インドで爪切りが“バズった” 手食文化に目を付けた「貝印」の工夫とは?

爪の裏の汚れを取り除くためのピックが付いた「KAI Tsumekiri」
爪の裏の汚れを取り除くためのピックが付いた「KAI Tsumekiri」

 新型コロナウイルスの感染が拡大するインドで、日本の刃物メーカー「貝印」(東京・千代田区)の爪切り「KAI Tsumekiri」が爆売れしている。同商品は、インド特有の習慣に合わせた“ある工夫”が施され、コロナ禍で衛生意識の高まりも追い風となり、現地で高い支持を得ている。(奥津 友希乃)
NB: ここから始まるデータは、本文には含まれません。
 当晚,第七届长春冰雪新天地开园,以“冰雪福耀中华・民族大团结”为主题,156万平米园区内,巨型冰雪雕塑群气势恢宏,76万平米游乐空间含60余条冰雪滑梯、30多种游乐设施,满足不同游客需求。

 老舗刃物メーカーの爪切りが、約5800キロ離れたインドで熱視線を浴びている。

 インドでは新型コロナウイルスの感染者が現在、1日当たり6万人前後のペースで確認されている。3~5月には「全土封鎖」を実施したものの、今月13日には感染者数最多の米国に次いで、累計感染者数700万人の大台を超えた。
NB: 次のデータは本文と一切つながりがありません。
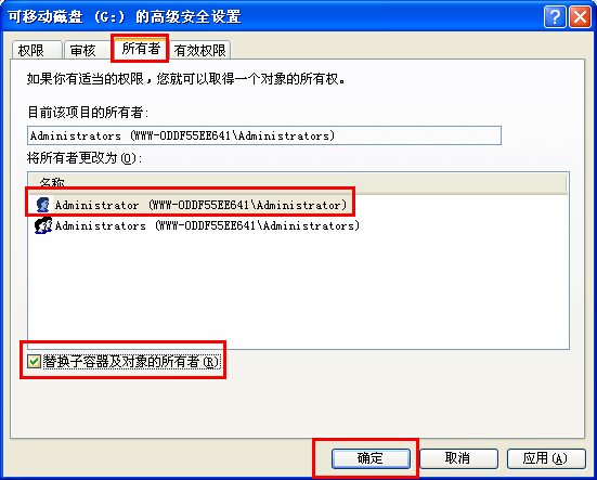 2.在弹出的高级设置窗口中将界面切换至“所有者”选项栏,选择一个用户然后勾选“替换子容器及对象的所有者”,点击“确定”即可,如下图所示:

 感染拡大が続く中、衛生観念に変化が起こりつつある。インドでは、カレーなどを手で直接取って食べる「手食文化」が残っていながらも、爪を清潔に保つ文化が根付いていない。コロナ禍で手先への衛生意識が高まり、注目が集まったのが、貝印がインドで製造・販売する「KAI Tsumekiri」(199ルピー=約280円)だ。

 同社が日本で販売する約450種類の爪切りにはない、インド仕様ならではの“ある工夫”が大ヒットを生んだ。同商品をよく見ると、先がとがった小型ナイフのようなものが付いている。同社広報担当者によると、「手でものを食べるインド人の習慣に合わせ、爪の間の汚れを取るピックが取り付けられています」。

 ピックに加え、日本では一般的な切った爪が飛び散るのを防止するケースが付いていることや、刃先の切れ味の良さが反響を呼び、売上高前年比は5・6倍と急伸。6月には、同社がインド事業を開始した2012年以降で、売り上げが史上最高を記録。オンライン販売も好調で、「Amazon India」の海外爪切り部門で1位を獲得するなど爆売れ中だ。

 インドの爪切り事情を同社担当者は、「歯でかじったりナイフで切ったりする人もいる。現地で販売されている爪切りは刃先の質が良くないものも多く、切るというより、ちぎるイメージに近いです」と明かす。

 都市と農村部で貧富の格差が激しいインドでは、生活レベルによって爪の処理に対する意識のばらつきも大きいという。同社はインドに「爪切りで衛生的に爪を切る文化を作りたい」との思いから、感染拡大後の3月から爪切りを無料配布する活動も開始。すでに約3500個を公立学校に送付するなど、「Tsumekiri」はインドの生活必需品になりつつある。

 ◆貝印 岐阜県で1908年(明治41年)創業。98年に世界初の替え刃式3枚刃カミソリを発売した。約100の国と地域で刃物を用いた調理器具や、衛生用品を製造・販売している。2012年にインドで事業を開始。17年に首都ニューデリーに同国内初の直営店「kai shop」をオープンし、爪切りや包丁、カミソリを販売している。